Supplied material
━━━━
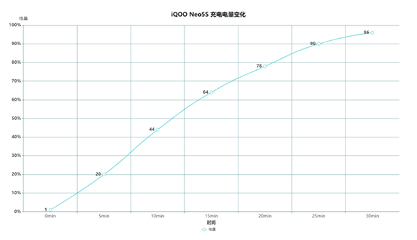 66W閃充是2021旗艦手機(jī)的標(biāo)配,iQOO Neo5S采用雙電芯串聯(lián)方案和FFC技術(shù),在充電前后期保持較快的速度,速度快還不燙手。筆者將iQOO Neo5S充電時半小時的電量變化做了一個統(tǒng)計(jì)圖,大家可以直觀的感受一下。
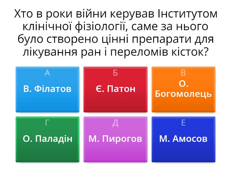1) Хто в роки війни керував Інститутом клінічної фізіології, саме за нього було створено цінні препарати для лікування ран і переломів кісток? a) В. Філатов b) Є. Патон c) О. Богомолець d) О. Паладін e) М. Пирогов f) М. Амосов 2) Який літературно-мистецький тижневик редагує з жовтня 1941 року Олена Теліга у Києві? a) "Факти" b) "Свобода слова" c) "Литаври" d) Прапор перемоги" e) "Київ вечірній" f) "Україка молода" 3) Який інститут очолював Є. Патон в роки війни? a) Інститут біохімії b) Інститут клінічної фізіології c) Інститут електрозварювання d) Інститут клінічної медицини e) Інститут ядерних досліджень f) Політехнічний інститут 4) Хто із письменників брав активну участь у складі партизанських загонів у роки війни? a) В. Сосюра b) П. Тичина c) А. Малишко d) П.Вороний e) Ю. Збанацький f) В. Земляк 5) Вкажіть рік коли під час Другої світової війни було відновлено навчальний процес? a) 1942 b) 1944 c) 1941 d) 1945 e) 1943 f) 1939 6) Із 151 зруйнованого музею по Україні, яку кількість цінних експонатів було вивезено до Німеччини? a) Близько 35 тис. b) Близько 45 тис. c) Близько 20 тис. d) Близько 40 тис. e) Близько 50 тис. f) Близько 80 тис. 7) Хто із поетів та письменників родом із Сумщини зображений на світлині?(Іван Багряний, Павло Тичина, Андрій Малишко, Юрій Яновський). a) Андрій Малишко b) Павло Тичина c) Юрій Яновський d) Микола Вороний e) Іван Багряний f) Олесь Гончар 8) В якому році у Києві відновила свою діяльність Академія наук УРСР? a) 1943 b) 1946 c) 1945 d) 1944 e) 1942 f) 1949 9) За яку кіновтрічку Олександр Довженко у 1943 році був звинувачений у націоналізмі та звільнений від обовязків керівника Київської кіностудії?? a) «Земля» b) "Звенигора" c) "Україна наша радянська" d) "Перемога на Правобережній Україні" e) "Україна в огні" f) "Райдура" 10) Яка кількість евакуйованих у тилові райони українських театрів, музичних та хорових колективів? a) 55 b) 70 c) 60 d) 35 e) 80 f) 75 11) Вкажіть хто із композиторів невтомно працював у роки Другої світової війни? a) Л. Первомайський b) Ю. Збанацький c) Л. Ревуцький d) В. Барвінський e) В. Сосюра f) А. Малишко 12) Що відігравало значну роль у мобілізації населення на боротьбу з нацизмом, та піднесення бойового духу? a) Радіо b) Театр c) Освіта d) Література e) Музика f) Кіно
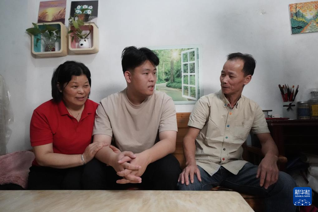 梁志华(右)夫妇和儿子梁松禧(中)在家中闲谈(11月11日摄)。新华社记者 褚萌萌 摄
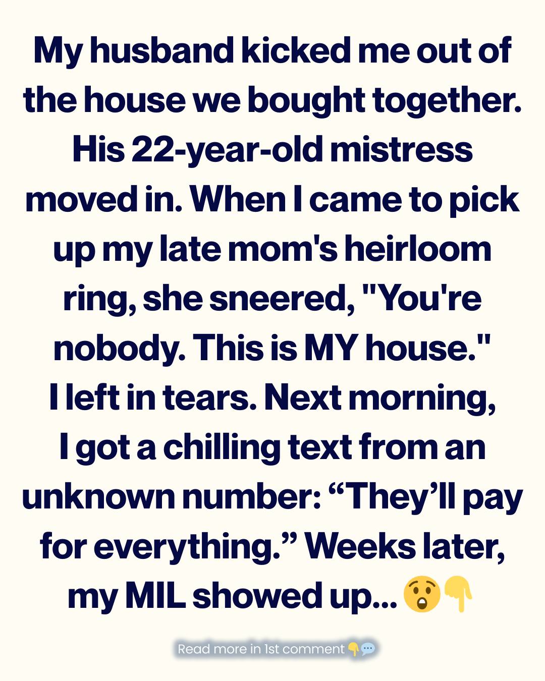 Two days later, I returned with the spare key to grab my late mom’s heirloom ring—one of the few things that truly mattered to me. But when I opened the door, the mistress blocked my path.
━━━━
About this exercise
Copy out the data verbatim, with no pictures.

Solution to this exercise
 66W閃充是2021旗艦手機(jī)的標(biāo)配,iQOO Neo5S采用雙電芯串聯(lián)方案和FFC技術(shù),在充電前后期保持較快的速度,速度快還不燙手。筆者將iQOO Neo5S充電時半小時的電量變化做了一個統(tǒng)計(jì)圖,大家可以直觀的感受一下。
1) Хто в роки війни керував Інститутом клінічної фізіології, саме за нього було створено цінні препарати для лікування ран і переломів кісток? a) В. Філатов b) Є. Патон c) О. Богомолець d) О. Паладін e) М. Пирогов f) М. Амосов 2) Який літературно-мистецький тижневик редагує з жовтня 1941 року Олена Теліга у Києві? a) "Факти" b) "Свобода слова" c) "Литаври" d) Прапор перемоги" e) "Київ вечірній" f) "Україка молода" 3) Який інститут очолював Є. Патон в роки війни? a) Інститут біохімії b) Інститут клінічної фізіології c) Інститут електрозварювання d) Інститут клінічної медицини e) Інститут ядерних досліджень f) Політехнічний інститут 4) Хто із письменників брав активну участь у складі партизанських загонів у роки війни? a) В. Сосюра b) П. Тичина c) А. Малишко d) П.Вороний e) Ю. Збанацький f) В. Земляк 5) Вкажіть рік коли під час Другої світової війни було відновлено навчальний процес? a) 1942 b) 1944 c) 1941 d) 1945 e) 1943 f) 1939 6) Із 151 зруйнованого музею по Україні, яку кількість цінних експонатів було вивезено до Німеччини? a) Близько 35 тис. b) Близько 45 тис. c) Близько 20 тис. d) Близько 40 тис. e) Близько 50 тис. f) Близько 80 тис. 7) Хто із поетів та письменників родом із Сумщини зображений на світлині?(Іван Багряний, Павло Тичина, Андрій Малишко, Юрій Яновський). a) Андрій Малишко b) Павло Тичина c) Юрій Яновський d) Микола Вороний e) Іван Багряний f) Олесь Гончар 8) В якому році у Києві відновила свою діяльність Академія наук УРСР? a) 1943 b) 1946 c) 1945 d) 1944 e) 1942 f) 1949 9) За яку кіновтрічку Олександр Довженко у 1943 році був звинувачений у націоналізмі та звільнений від обовязків керівника Київської кіностудії?? a) «Земля» b) "Звенигора" c) "Україна наша радянська" d) "Перемога на Правобережній Україні" e) "Україна в огні" f) "Райдура" 10) Яка кількість евакуйованих у тилові райони українських театрів, музичних та хорових колективів? a) 55 b) 70 c) 60 d) 35 e) 80 f) 75 11) Вкажіть хто із композиторів невтомно працював у роки Другої світової війни? a) Л. Первомайський b) Ю. Збанацький c) Л. Ревуцький d) В. Барвінський e) В. Сосюра f) А. Малишко 12) Що відігравало значну роль у мобілізації населення на боротьбу з нацизмом, та піднесення бойового духу? a) Радіо b) Театр c) Освіта d) Література e) Музика f) Кіно
 梁志华(右)夫妇和儿子梁松禧(中)在家中闲谈(11月11日摄)。新华社记者 褚萌萌 摄
 Two days later, I returned with the spare key to grab my late mom’s heirloom ring—one of the few things that truly mattered to me. But when I opened the door, the mistress blocked my path.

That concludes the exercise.